Love or hate apple....
You've got to admit, this is really cool.... Especially for those closed source apps....
Apple is extending support for its Rosetta 2 x86-64-to-Arm binary translator to Linux VMs running under the forthcoming macOS 13, codenamed Ventura. The next version of macOS was announced at Apple's World Wide Developer Conference on Monday, and the new release has a number of changes that will be significant to Linux users. …
So... what are my current options for running a 32-bit Windows apication on an M1-powered Apple laptop? WILL Bootcamp or Wine accomplish this? Or are we waiting on this future software that, if I understand it correctly, would enable a Windows x86 application to run under Linux hosted by Apple's OS?
I foresee overhead issues, compatibility problems galore. Is this likely do-able? Realistic?
It is actually appealing: there are Windows legacy apps for which there is no Apple replacement.
You can run an ARM build of Windows in Parallels, though it isn't officially supported and it isn't possible to get a legally licenced copy of it. Microsoft's equivalent of Rosetta will then allow you to run x86 binaries.
Another option might be to run an Intel build of Windows in QEMU.

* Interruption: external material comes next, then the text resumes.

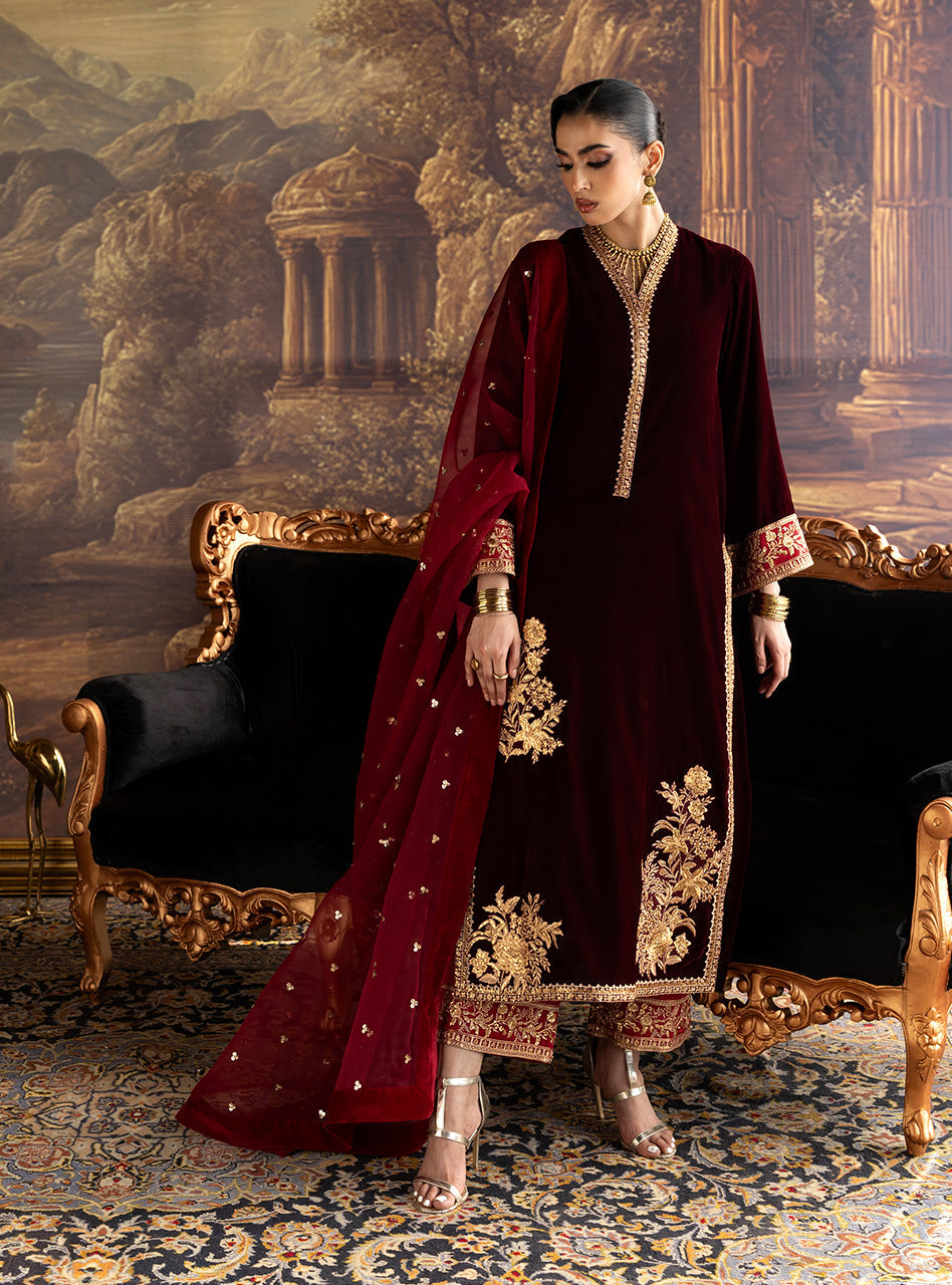 Zainab Chottani Nur Long Shirt Velvet Stitched is typically part of the brand's Velura Velvet Edit, a highly anticipated annual release that showcases the latest trends and designs. The Velura Velvet Edit is renowned for its festive and vibrant aesthetic, and the Nur Long Shirt embodies this spirit perfectly.

Interestingly I once went for an interview (which I failed, I do very badly in interviews) at the Manchester office of the company that wrote the software that Apple licensed and labelled Rosetta (first time around). The job (support) was described as "if power goes into it, then you'll probably be involved in it", i.e. just the sort of thing I'd have found interesting.
I remember reading up a bit about them and the software - I understood just about enough to realise I didn't have a clue. Perhaps that's why I'm not a programmer.